<<ガラスの巨人・後編>>

  乾季の白光は、例え真冬であってもそれなりにきつい。立ち眩みがする。
  ご丁寧に幾重にも取り巻きに囲まれながら、ヒューとカークは広場に足を踏み入れた。逃げられることを恐れてか、カークの足には枷までつける有様だ。

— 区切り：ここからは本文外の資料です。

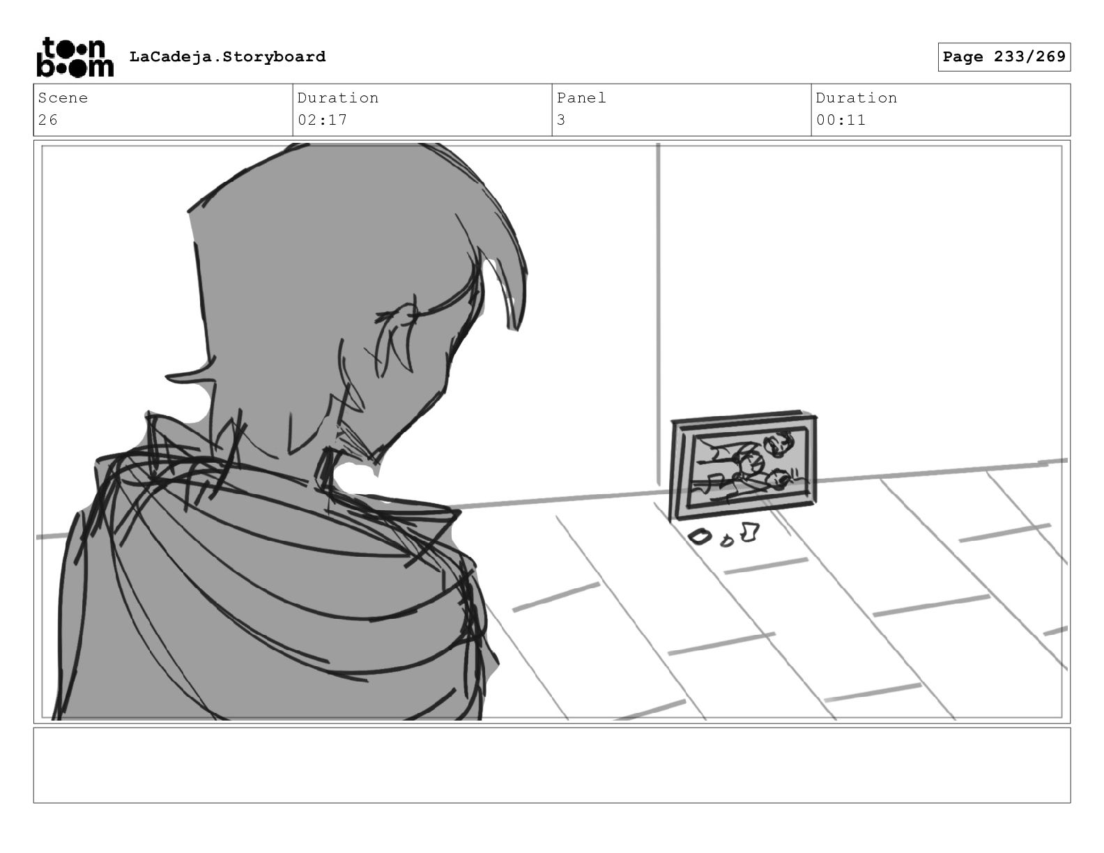 Scene 26 Duration 02:17 Panel 3 Duration 00:11 LaCadeja.Storyboard Page

  縛める際にも、その細い脛の持ち主に好色の視線を寄越したごつい男を、ヒューは睨んでやったが、その視線を向けられた本人は、やはり動じていなかった。
  慣れているのだと、諦めたように笑っていた。
  いつから、とは聞いていない。
  とにかく今は、勝負する。ドルマに勝つ。
  それはとても簡単なことだろう?
  ざっと拓けた建物と建物の間には、二台のエアロ・ジープ。その周りを興味本位の人だかりが取り囲んでいる。
 「――物見高ですね」
  小さくカークがヒューに囁く。
  その唇の動きが恐れた震えに見えたのか、
  可哀相に。
  人垣の誰かが言った。可哀相。聞こえたヒューは俯き笑いを噛み殺す。
  確かに、見ようによっては可哀相この上ないだろう。ドルマ一味の玩具にさせられ、挙句哀れに死んでゆくもの。
  しかしヒューには負ける気はない。
  まだ死にたくもない。
  やりたいことがまだまだある。
  デスティニーで吹き飛ばされるのと、ドルマ一味に嬲り殺されるのと、どちらがマシかとふとヒューは思った。
  ……どちらもヒデェもんか。
  黒い人垣は逆光で、顔の判別までは出来ない。眺めて、この群れの中にマルゥもいるのだろうかと探しかけ、すぐに諦めた。
  光に弱いヒューの瞳には、この白光は強すぎる。
  きっと少女は、腹を立てながら、けれどその実お人よしなので決して素知らぬ顔が出来ずに、この一連の人混みのどこかにいるのだろう。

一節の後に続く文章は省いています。